10. The land lease proposal was put to the Chinese more formally in July of that year. In September, the Chinese Government formally rejected it as "unnecessary and inappropriate". This indicated that it would be difficult to blur the deadline of 1997: the Chinese would either have to acquiesce in British administration continuing beyond it or they would insist on a significant measure of change. Either way, the problem could not be dealt with by sleight of hand.

11. By the spring of 1982, the Unofficial Members of the Executive and Legislative Councils were beginning to seek a voice in the future. At the ceremony at which I was sworn in on 20 May that year the Senior Unofficial of the Executive Council sought confirmation that I would recognise the future as the most important issue then facing Hong Kong. There was also a growing expectation, and indeed a demand, that the issue should be addressed during the Prime Minister's visit to Peking scheduled for September.

12.

There was no doubt at all about what the population of Hong Kong most wanted.
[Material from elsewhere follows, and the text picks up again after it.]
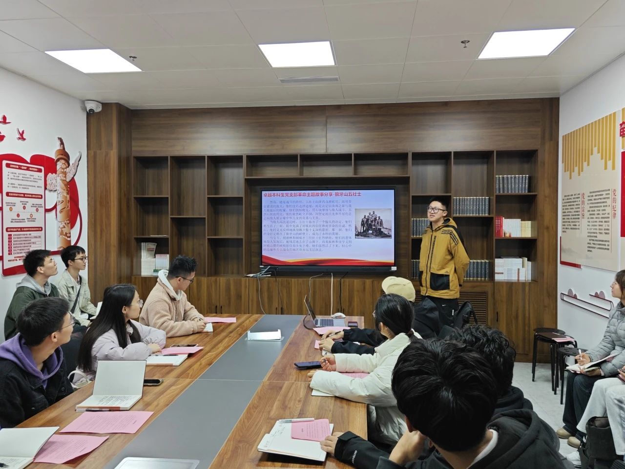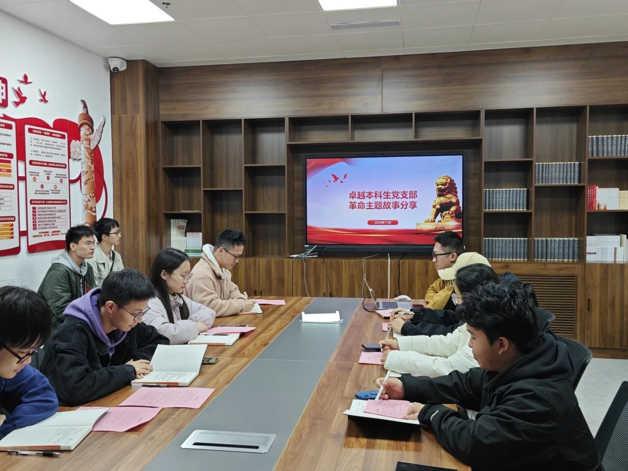 卓越本科生党支部于学院327会议室开展“烽火印记 卓越传承”革命主题故事分享活动,党支部书记张馨月、党支部副书记刘平利及全体党员参会。

It was the continuation of British administration and of the link with the United Kingdom. This was not because they relished colonial rule; national feeling runs deep even in Hong Kong. It was because the link with Britain, a liberal democracy, provides for them the guarantee of similar freedom under the law in Hong Kong. Thus they saw British administration as an “insulation" between them and Communist rule. For their part the Chinese were active in spreading knowledge of their intention to recover sovereignty over Hong Kong in 1997 with Hong Kong given a special status within China which would allow the essentials of the Hong Kong system to remain. The lack of any precision in this "plan" and of any assurance that it would be binding on future Chinese Governments gave it little credence in the eyes of the Hong Kong public. They knew, as much by instinct as by analysis, that generalised declarations of China's good intent were not an adequate substitute for the link of authority with Britain. The people of Hong Kong attached little importance to the formal notions of sovereignty. They were prepared to see HMG recognise Chinese sovereignty over Hong Kong (and indeed as Chinese sympathised with the Chinese position on sovereignty) provided that that recognition could be exchanged for a continuation of British administration.

13. The pursuit of that objective had to be HMG's first aim. The likelihood of the Chinese accepting it was not high: but they had acquiesced in British administration since 1949. Although they had stressed that recognition of Chinese sovereignty was essential to any settlement, to this point they had not said in terms that severeignty and administration were indivisable. In any case no other solution would have been accepted in Hong Kong until that possibility had been tested to its absolute limit.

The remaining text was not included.